29 Create a set on all possible multilayer combinations.
30
31 thicknesses : if this contains '0' the total number of layers will vary
32 from 0 to maximum_number_of_layers, otherwise, the
33 number total number layers will always be maximum_number_of_layers
34 e.g. arange(0 , 100, 5)
35
36 materials : list of materials used
37 e.g. ['Metal', 'Dielectric']
38
39 maximum_number_of_layers : pretty self-explanitory...
40 e.g. 5
41
42 maximum_individual_layer_thicknesses : filters the created the multilayer structures
43 preventing the inclusion layers that are too thick
44 - this is important after the joining of
45 adjacent materials
46 e.g. (('Metal',30),('Dielectric',20))
47
48 maximum_total_material_thicknesses : similar to the above but filters structures where the total
49 amount of a particular material is exceeded
50 e.g. (('Metal',50),('Dielectric',100))
51
52
53 """
54 # generate all possible thickness combinations and material combinations
55 1 20305240 20305240.0 0.2 all_possible_thickness_sets = set(permutations(combinations_with_replacement(thicknesses, maximum_number_of_layers)))
56 1 245 245.0 0.0 all_possible_layer_material_orders = set(permutations(combinations_with_replacement(materials, maximum_number_of_layers)))
57
58
59 1 13 13.0 0.0 first_set = set() # Create set object (list of unique elements, no repeats)

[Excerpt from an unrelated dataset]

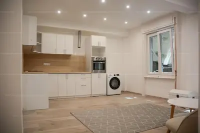 Budapest XII. kerületében, a Kissvábhegy aljában, bauhaus ház földszintjén eladó egy 60 m²-es, igényesen kialakított otthon, ahol az amerikai konyhás nappali két külön nyíló hálószobával és két fürdőszobával egészül ki.

60 25 235 9.4 0.0 for layer_material_order in all_possible_layer_material_orders:
61 87091224 896927052 10.3 7.6 for layer_thickness_set in all_possible_thickness_sets:
62 87091200 920048586 10.6 7.8 potential_structure = [] # list to hold this structure
63 348364800 4160332176 11.9 35.4 for layer, thickness in zip(layer_material_order[0], layer_thickness_set[0]): # combine the layer thickness with its material
64 261273600 2334038439 8.9 19.9 if thickness != 0: # layers of zero thickness are not added to potential_structure
65 174182400 2003639625 11.5 17.1 potential_structure.append((layer, thickness))

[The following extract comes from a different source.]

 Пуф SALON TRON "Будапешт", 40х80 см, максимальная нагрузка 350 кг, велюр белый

66 87091200 1410517427 16.2 12.0 first_set.add(tuple(potential_structure)) # add this potential_structure to the first_set set
67
68 #print('first_set')
69 #for struct in first_set:
70 # print struct
71
72 ## join adjacent repeated materials
73 1 14 14.0 0.0 second_set = set() # create new set
74 31 274 8.8 0.0 for potential_structure in first_set:
75 30 5737 191.2 0.0 second_set.add(join_adjacent_repeated_materials(potential_structure))
76
77 ## remove structures where a layer is too thick
78 1 10 10.0 0.0 third_set = set()
79 23 171 7.4 0.0 for potential_structure in second_set: # check all the structures in the set
80 22 164 7.5 0.0 conditions_satisfied=True # default
81 66 472 7.2 0.0 for max_condition in maximum_individual_layer_thicknesses: # check this structure using each condition
82 104 743 7.1 0.0 for layer in potential_structure: # examine each layer
83 60 472 7.9 0.0 if layer[0] == max_condition[0]: # match condition with material
84 30 239 8.0 0.0 if layer[1] > max_condition[1]: # test thickness condition
85 conditions_satisfied=False
86 22 149 6.8 0.0 if conditions_satisfied:
87 22 203 9.2 0.0 third_set.add(potential_structure)
88
89 ##remove structures that contain too much of a certain material
90 1 10 10.0 0.0 fourth_set = set()
91 23 178 7.7 0.0 for potential_structure in second_set: # check all the structures in the set
92 22 158 7.2 0.0 conditions_satisfied=True # default
93 66 489 7.4 0.0 for max_condition in maximum_total_material_thicknesses: # check this structure using each condition
94 44 300 6.8 0.0 amount_of_material_in_this_structure = 0 # initialise a counter
95 104 850 8.2 0.0 for layer in potential_structure: # examine each layer
96 60 2961 49.4 0.0 if layer[0] == max_condition[0]: # match condition with material
97 30 271 9.0 0.0 amount_of_material_in_this_structure += layer[1]
98 30 255 8.5 0.0 if amount_of_material_in_this_structure > max_condition[1]: # test thickness condition
99 conditions_satisfied=False
100 22 160 7.3 0.0 if conditions_satisfied:
101 22 259 11.8 0.0 fourth_set.add(potential_structure)
102
103 1 16 16.0 0.0 return fourth_set
正如您所看到的,构建first_set calculate_unique_structure_lengths()是迄今为止最耗时的步骤。